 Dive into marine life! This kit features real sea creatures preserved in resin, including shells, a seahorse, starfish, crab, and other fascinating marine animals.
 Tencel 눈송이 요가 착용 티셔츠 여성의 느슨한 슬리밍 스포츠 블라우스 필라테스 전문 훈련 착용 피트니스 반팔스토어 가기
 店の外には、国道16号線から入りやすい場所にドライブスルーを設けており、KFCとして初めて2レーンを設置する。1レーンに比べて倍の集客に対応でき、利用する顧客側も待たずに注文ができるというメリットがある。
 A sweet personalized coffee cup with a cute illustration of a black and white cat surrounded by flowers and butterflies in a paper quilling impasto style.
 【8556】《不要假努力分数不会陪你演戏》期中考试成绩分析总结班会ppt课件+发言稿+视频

==============================

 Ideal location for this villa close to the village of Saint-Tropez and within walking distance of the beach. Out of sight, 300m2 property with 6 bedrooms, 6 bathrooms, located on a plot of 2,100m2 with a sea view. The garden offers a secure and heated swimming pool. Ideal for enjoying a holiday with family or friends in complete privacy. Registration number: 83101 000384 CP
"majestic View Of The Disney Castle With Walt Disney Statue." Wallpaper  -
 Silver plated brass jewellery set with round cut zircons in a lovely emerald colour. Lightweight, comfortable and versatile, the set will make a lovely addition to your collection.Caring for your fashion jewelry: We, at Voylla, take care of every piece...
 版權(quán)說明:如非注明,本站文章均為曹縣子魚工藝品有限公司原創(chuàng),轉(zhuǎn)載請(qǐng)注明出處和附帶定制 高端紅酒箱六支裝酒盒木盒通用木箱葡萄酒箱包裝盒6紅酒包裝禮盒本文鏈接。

==============================

▶ [BRIEF]:
Set down, unchanged, only those lines above that fall between the line with "Ideal location for" and the line with "版權(quán)說明:如非注", the two end lines included.

▶ [TASK RESULT]:
 Ideal location for this villa close to the village of Saint-Tropez and within walking distance of the beach. Out of sight, 300m2 property with 6 bedrooms, 6 bathrooms, located on a plot of 2,100m2 with a sea view. The garden offers a secure and heated swimming pool. Ideal for enjoying a holiday with family or friends in complete privacy. Registration number: 83101 000384 CP
"majestic View Of The Disney Castle With Walt Disney Statue." Wallpaper  -
 Silver plated brass jewellery set with round cut zircons in a lovely emerald colour. Lightweight, comfortable and versatile, the set will make a lovely addition to your collection.Caring for your fashion jewelry: We, at Voylla, take care of every piece...
 版權(quán)說明:如非注明,本站文章均為曹縣子魚工藝品有限公司原創(chuàng),轉(zhuǎn)載請(qǐng)注明出處和附帶定制 高端紅酒箱六支裝酒盒木盒通用木箱葡萄酒箱包裝盒6紅酒包裝禮盒本文鏈接。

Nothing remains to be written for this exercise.